Segment Start: Data extract

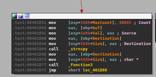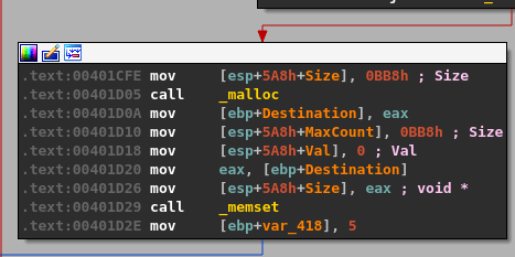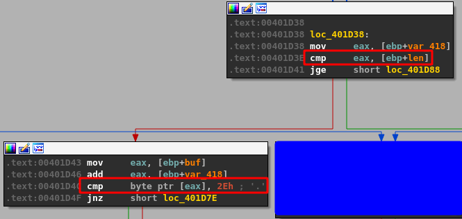 The recv function’s return value is the total number of bytes it received (stored in EAX), so the CMP instruction in the code block above is moving that number into a variable and comparing it against 0, essentially to check whether the data was empty or not. If no data was sent (EAX == 0) then the jump along the green line indicated by the JLE (Jump if less or equal) instruction will be taken, otherwise execution will move to the next block along the red line.
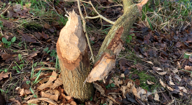 Op onze rondgang door het gebied kwamen we ook diverse verse sporen tegen van reeën en de das en verder nog een vers om geknaagde eikenboom door de bever. Door de vele regen was het zeer nat in het gebied en dat betekende soms zoeken naar doorwaadbare plekken om de excursie te voltooien en soms wat aanpassingen maken op de planning.
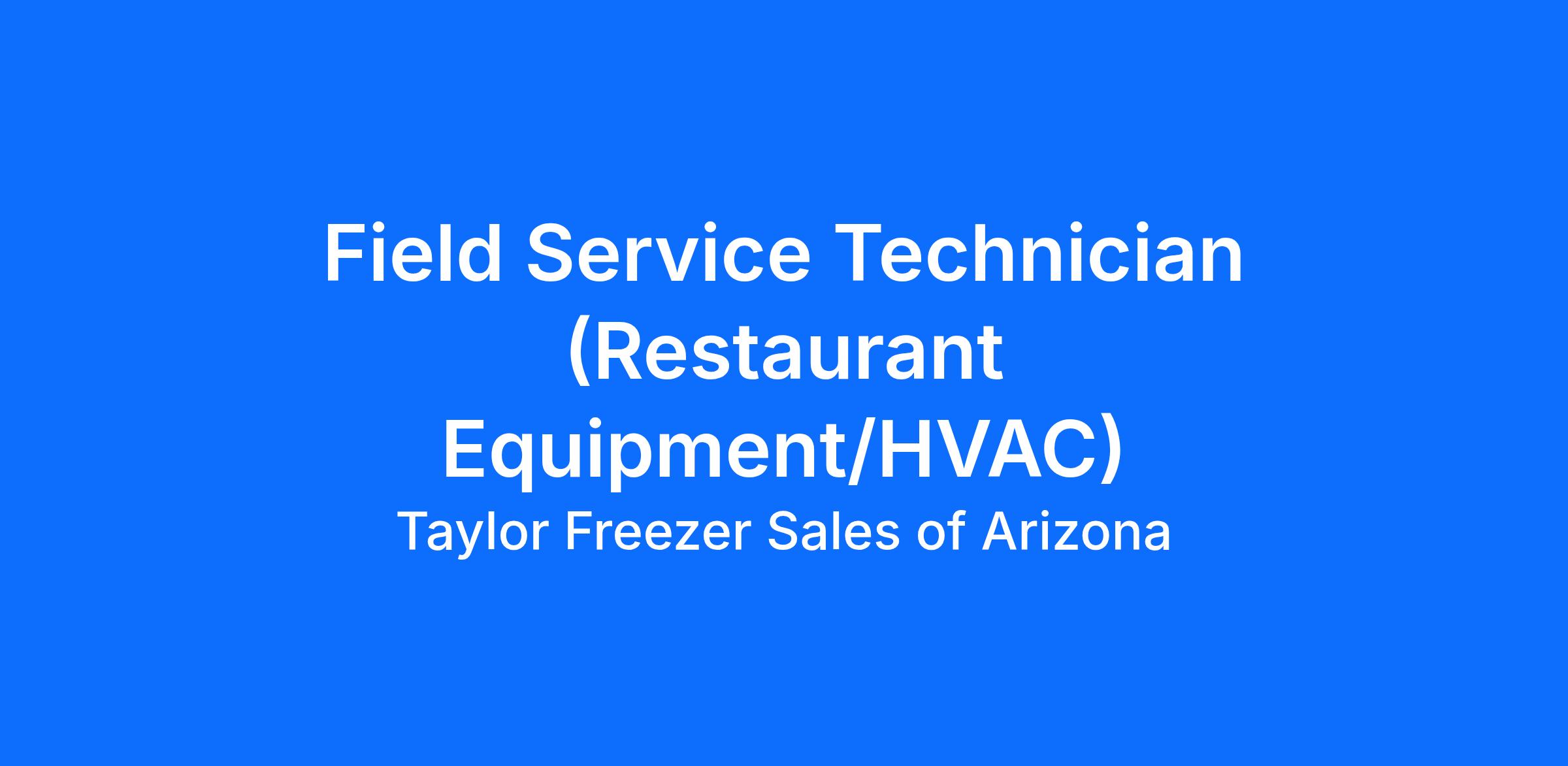 Taylor Freezer Sales of Arizona is hiring a Field & Shop Service Technician in Phoenix, AZ to install, maintain, and repair commercial foodservice equipment including soft serve machines, ice systems, and grills.

Segment End: Data extract

Pictures are to be left out; otherwise, retype exactly the lines from the first line of the data through the line containing "Op onze rondgang".

 The recv function’s return value is the total number of bytes it received (stored in EAX), so the CMP instruction in the code block above is moving that number into a variable and comparing it against 0, essentially to check whether the data was empty or not. If no data was sent (EAX == 0) then the jump along the green line indicated by the JLE (Jump if less or equal) instruction will be taken, otherwise execution will move to the next block along the red line.
 Op onze rondgang door het gebied kwamen we ook diverse verse sporen tegen van reeën en de das en verder nog een vers om geknaagde eikenboom door de bever. Door de vele regen was het zeer nat in het gebied en dat betekende soms zoeken naar doorwaadbare plekken om de excursie te voltooien en soms wat aanpassingen maken op de planning.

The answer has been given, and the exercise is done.